Corn mazes hit Snohomish County in 1997 and they’ve become a regular feature on area farms that focus on providing an experience, rather than only growing something to eat. At least half a dozen farms will open corn mazes this fall, often along with other agri-tourism offerings such as pumpkin patches and hayrides.
For the first time, Ricci, whose business is called Bob’s Corn, led a class this month for other farmers on designing corn mazes. The class drew 4-H students, farmers and an engineer interested in corn mazes as a fundraiser.
It brought Debbie Foster of Clearview. She would love to farm full-time, but instead, she and her husband both work jobs off the farm, and limit their herd of beef cattle to 11. It’s getting difficult to make a living from farming, she said. She took time off work to attend the class and encouraged the kids in her 4-H beef group to go, too.

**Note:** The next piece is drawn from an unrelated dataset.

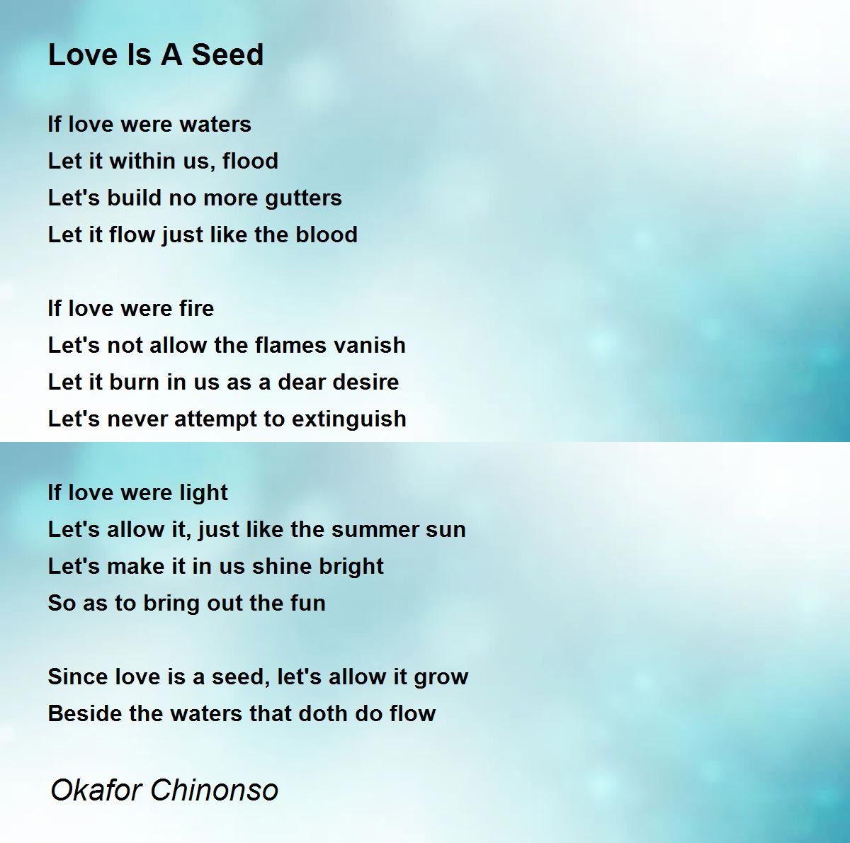 Since love is a seed, let's allow it grow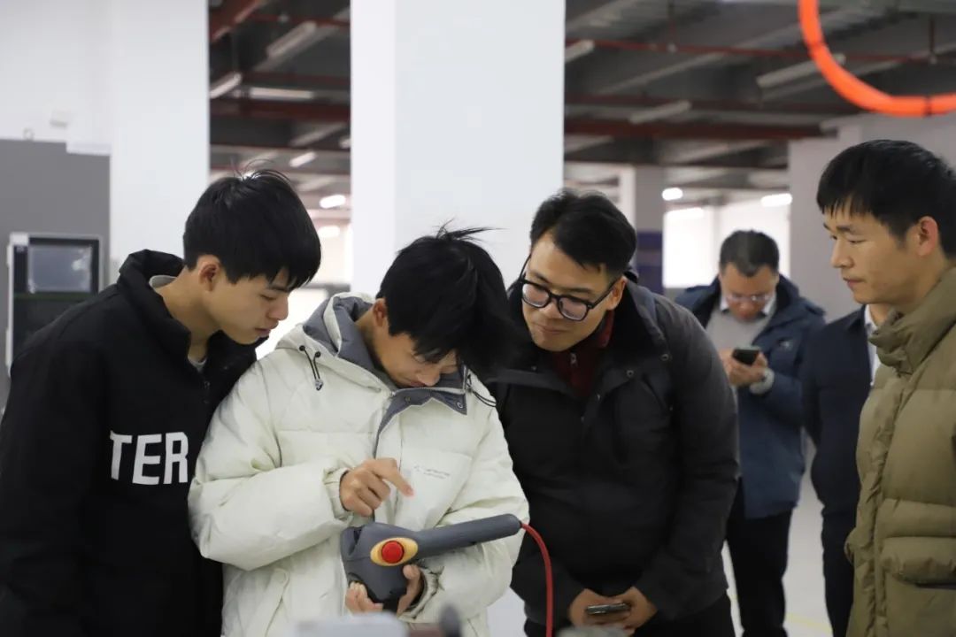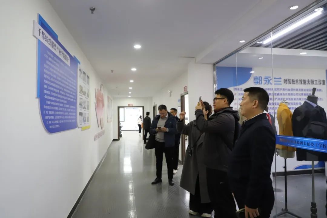 在学校党支部书记、校长管青春等领导的陪同下,贾伟同志一行先后参观了养老实训室、机电一体化实训室、服装大师工作室、服装特种设备机房、服装打版机房、服装一体化实训室、服装工艺室等实训场所。

“If you’re going to survive, you’re going to have to bring that extra value to your property,” she said.
Farmers need to find ways to turn their crops into “value-added” products that can be sold for more money, and they need to diversify, Ricci said. Some develop specialty niches such as organic dairies or grass-fed beef. At Bob’s Corn, the family offers hayrides and hot food concessions on October weekends. Families can pick their own pumpkins in the patch. An old barn serves as a country store where produce, apple cider and gourmet foods are sold.
Corn mazes have become big enough business that some farmers hire professional corn-maze designers. These services, which can include marketing and staffing, can cost as much as $10,000, Ricci said. There’s even a special variety of corn bred for mazes called “maze maize” that grows earless. People lobbing corn ear missiles around can be a problem. So, too, apparently, are corn cuts, the equivalent of paper cuts from picking corn.
Ricci designs his own mazes, and he does it using low-tech methods and tools: graph paper, a 200-foot tape measure and marking poles.
Over the years, he has perfected the art of corn maze creation and what he called “people herding.” He knows, for instance, that mazes that keep people in the fields too long send them blazing their own trails through the fields. His contains 2 1/2 miles of trail and takes about an hour. He has learned to put a port-a-potty at the halfway point and that people are ready for a cold drink and a candy bar when they finish.
He didn’t mind sharing his corn maze secrets. The class cost: $15.
In 1995 Ricci, then a senior at Washington State University, first read about a corn maze on a Pennsylvania farm. An aerial shot of the maze, designed in the shape of a locomotive, wowed Ricci. What really caught his attention was a mention that the maze, open only six weeks, attracted 50,000 people who paid $5 a pop.
“That’s when it hit my radar. Wow, there’s definitely something there.”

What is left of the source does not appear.